# Forum Other Languages All other languages Chinese  Chinese Word
Hello everyone ,I come here by chance and glad to find so many people have interest in Chinese. 
I will introduce some knowledge about Chinese language periodically from now on.  
俄 罗 斯 - e luo si  - Russia
莫 斯 科 - mo si ke - Moscow
圣 彼 得 堡 - sheng bi de bao - St.Petersburg
中 国 - zhong guo - China
上 海 - shang hai -Shanghai

----------


## Pravit

Who are you, good sir?

----------


## seawind

glad to meet you ,russian friend, I am a Chinese citizen have interest in Russia. 
沃 罗 涅 日 - wo luo nie ri - Voronezh 
伏 尔 加 河 - fu er jia he -Volga 
第 聂 伯 河 -  di nie bo he - Dnieper 
顿 河 - dun he - Don 
河（pronunciation "he"）means “river”

----------


## N

Hello, seawind! 
I find in dictionary that Russia is 俄 国 .
Do you use both 俄 罗 斯 and  俄 国 and what is the difference? 
Also I'm interested what it means in Chinese because every now and then I hear that in Chinese Russia means 'hungry(foodless) land'   ::

----------


## Pravit

> I hear that in Chinese Russia means 'hungry(foodless) land'

 Chinese have a lot of puns like that because there are so many words in their language that are pronounced the same.

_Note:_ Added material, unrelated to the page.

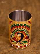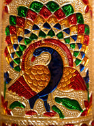 - This elegant 4 Inch Meenakari steel tumbler adds a touch of traditional opulence to any dining experience.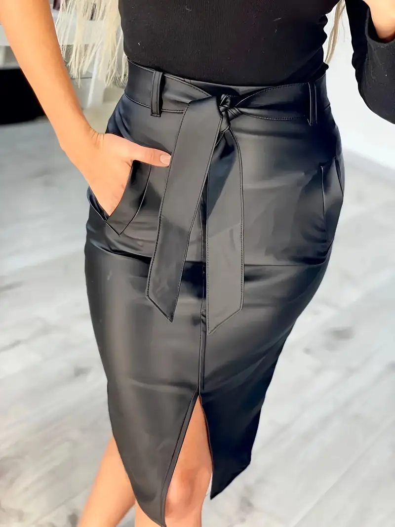 Կանացի էլեգանտ բարձր գոտկատեղից արհեստական կաշվից միդի կիսաշրջազգեստ՝ կողային ճեղքվածքով և փողկապի դետալներով - հեշտ լվացվող պոլիեսթեր խառնուրդ, լվացվող մեքենայում՝ կատարյալ բոլոր սեզոնների համար

In this case they're referring to the word 饿. 
I may be incorrect but:  

> 俄 罗 斯

  - phonetic "Russia", probably used in more formal situations   

> 俄 国

  - "Russian land", used in more informal situations 
I'm not sure what it means in Chinese either; sometimes they pick the characters to have a nice meaning but in this case I think they just threw any old character in there  ::  
BTW, are there a lot of Russians studying Chinese? I've run into no less than three of them just on this board...

----------


## N

> BTW, are there a lot of Russians studying Chinese? I've run into no less than three of them just on this board...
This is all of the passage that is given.